Entries shown:
====================

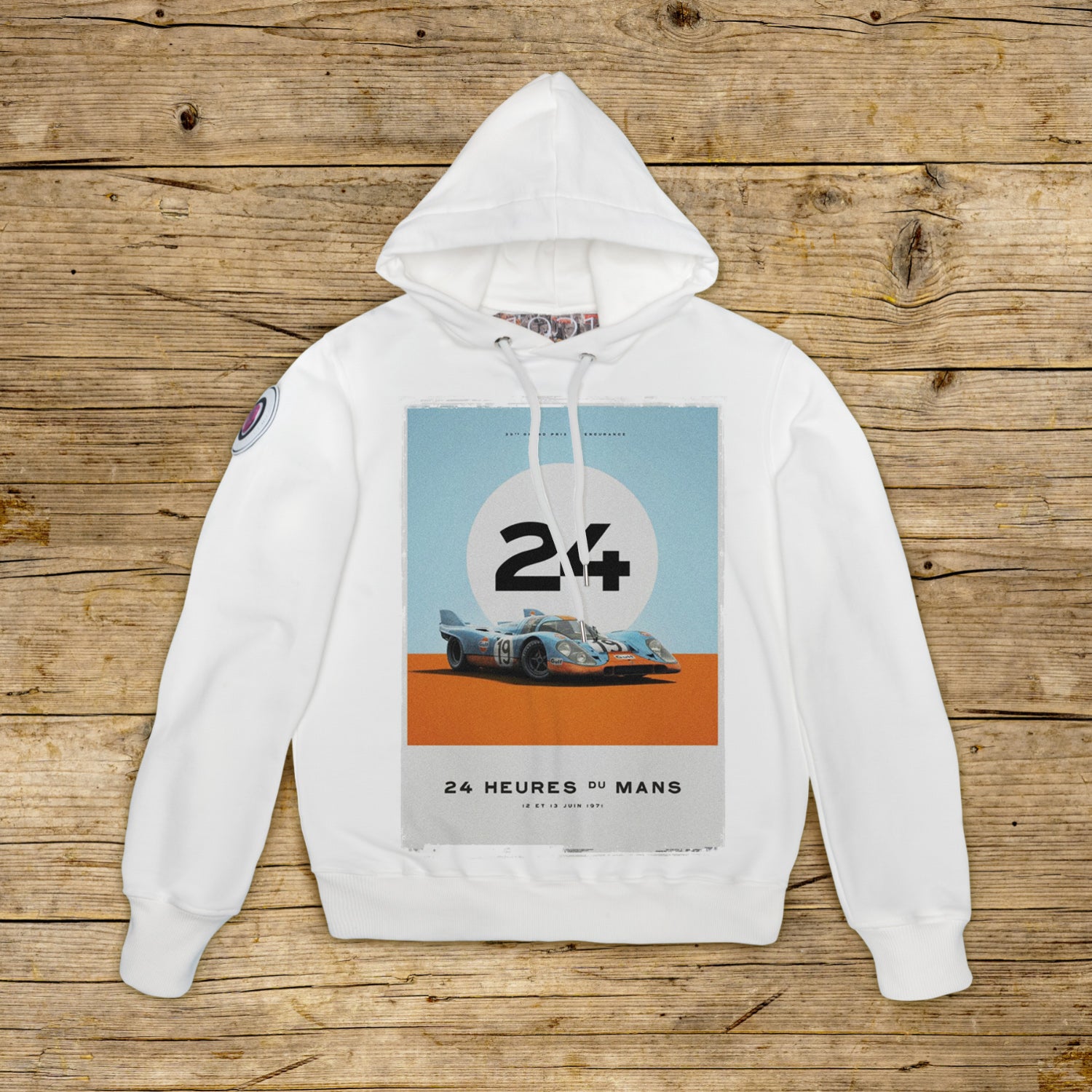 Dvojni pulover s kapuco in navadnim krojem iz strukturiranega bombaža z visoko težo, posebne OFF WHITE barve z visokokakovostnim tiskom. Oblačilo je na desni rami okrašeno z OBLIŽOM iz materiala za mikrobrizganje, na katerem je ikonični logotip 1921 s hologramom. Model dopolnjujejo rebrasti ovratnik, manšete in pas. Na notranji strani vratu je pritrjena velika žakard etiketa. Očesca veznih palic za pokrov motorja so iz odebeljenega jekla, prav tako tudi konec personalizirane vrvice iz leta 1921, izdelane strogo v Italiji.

====================

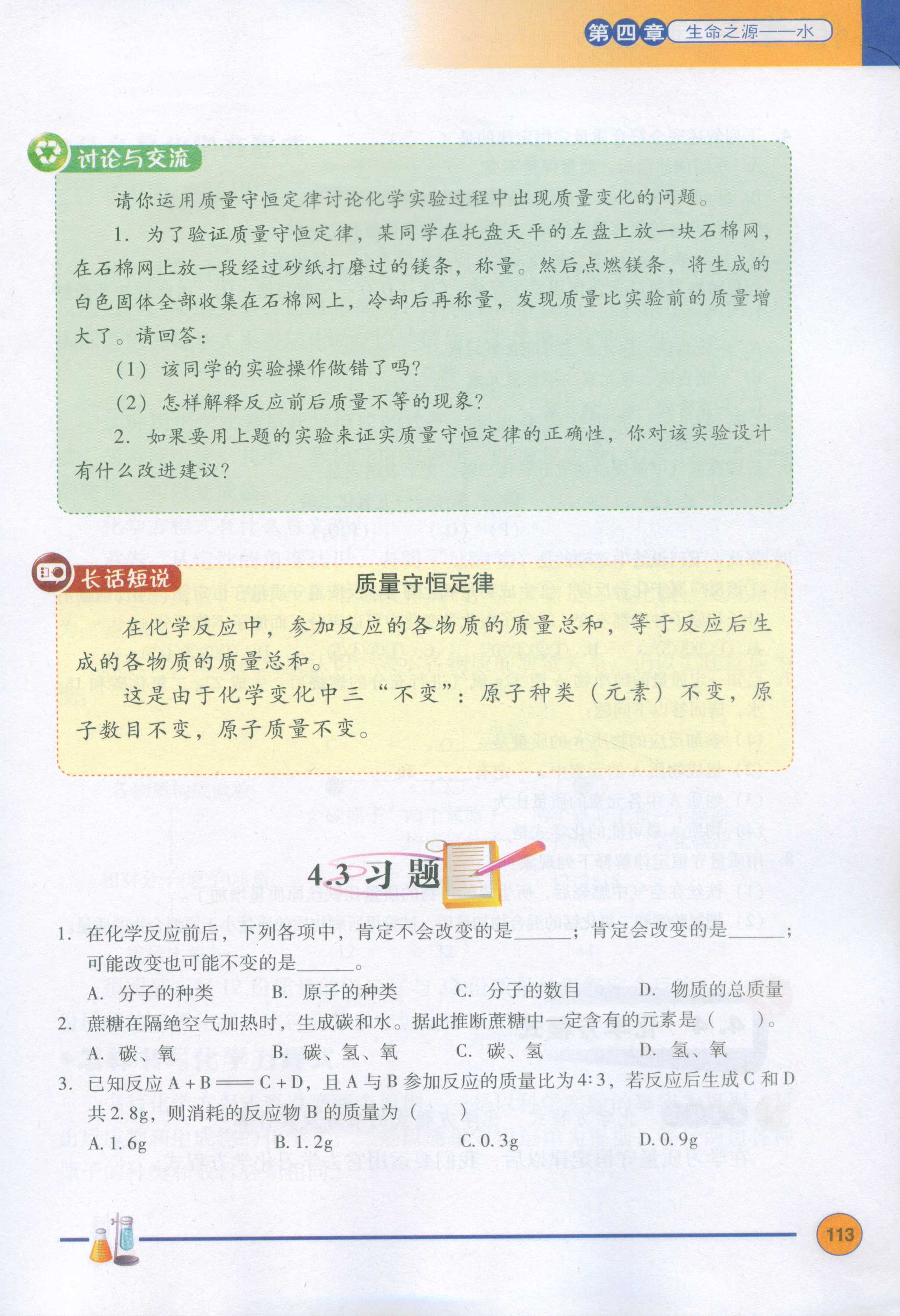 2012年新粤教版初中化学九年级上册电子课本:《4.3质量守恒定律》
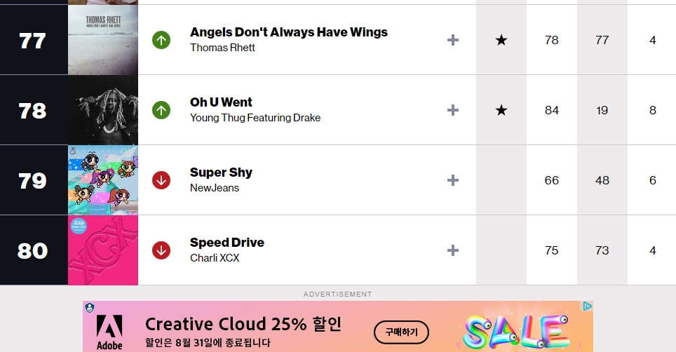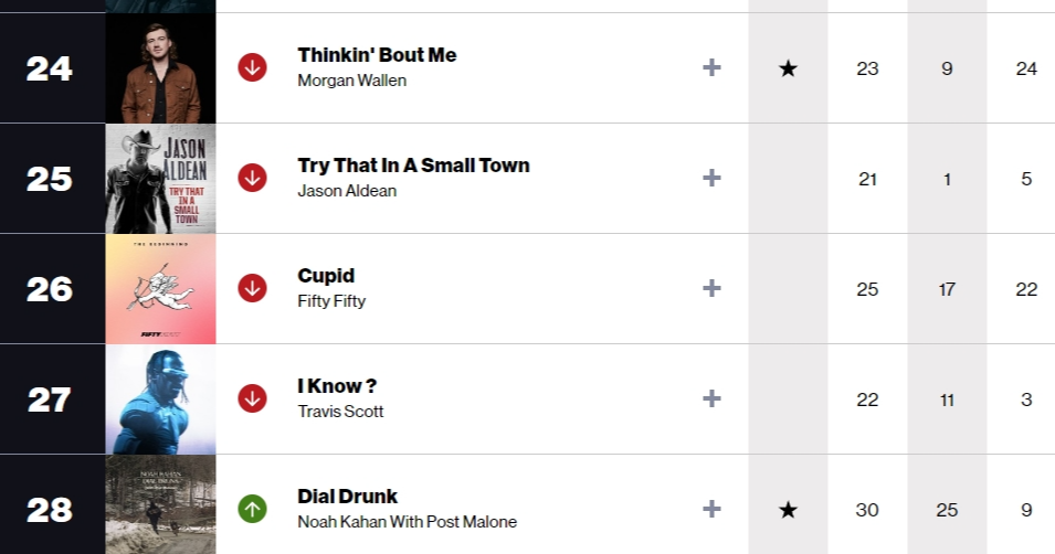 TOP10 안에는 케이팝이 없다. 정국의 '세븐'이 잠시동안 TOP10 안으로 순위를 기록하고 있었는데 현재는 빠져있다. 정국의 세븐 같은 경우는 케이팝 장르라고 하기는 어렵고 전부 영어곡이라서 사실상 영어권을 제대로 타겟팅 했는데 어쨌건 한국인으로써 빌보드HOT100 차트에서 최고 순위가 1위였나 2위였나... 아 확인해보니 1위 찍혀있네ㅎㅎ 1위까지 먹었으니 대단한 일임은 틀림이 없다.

====================

Work request: What to print is the stretch of entries from the line with "2012年新粤教版初中化学九年级上册电子课本:《4.3质量守恒定律》" up to and including the line with "TOP10 안에는 케이팝이". Please print it exactly and leave out the pictures.

Result of the exercise:
 2012年新粤教版初中化学九年级上册电子课本:《4.3质量守恒定律》
 TOP10 안에는 케이팝이 없다. 정국의 '세븐'이 잠시동안 TOP10 안으로 순위를 기록하고 있었는데 현재는 빠져있다. 정국의 세븐 같은 경우는 케이팝 장르라고 하기는 어렵고 전부 영어곡이라서 사실상 영어권을 제대로 타겟팅 했는데 어쨌건 한국인으로써 빌보드HOT100 차트에서 최고 순위가 1위였나 2위였나... 아 확인해보니 1위 찍혀있네ㅎㅎ 1위까지 먹었으니 대단한 일임은 틀림이 없다.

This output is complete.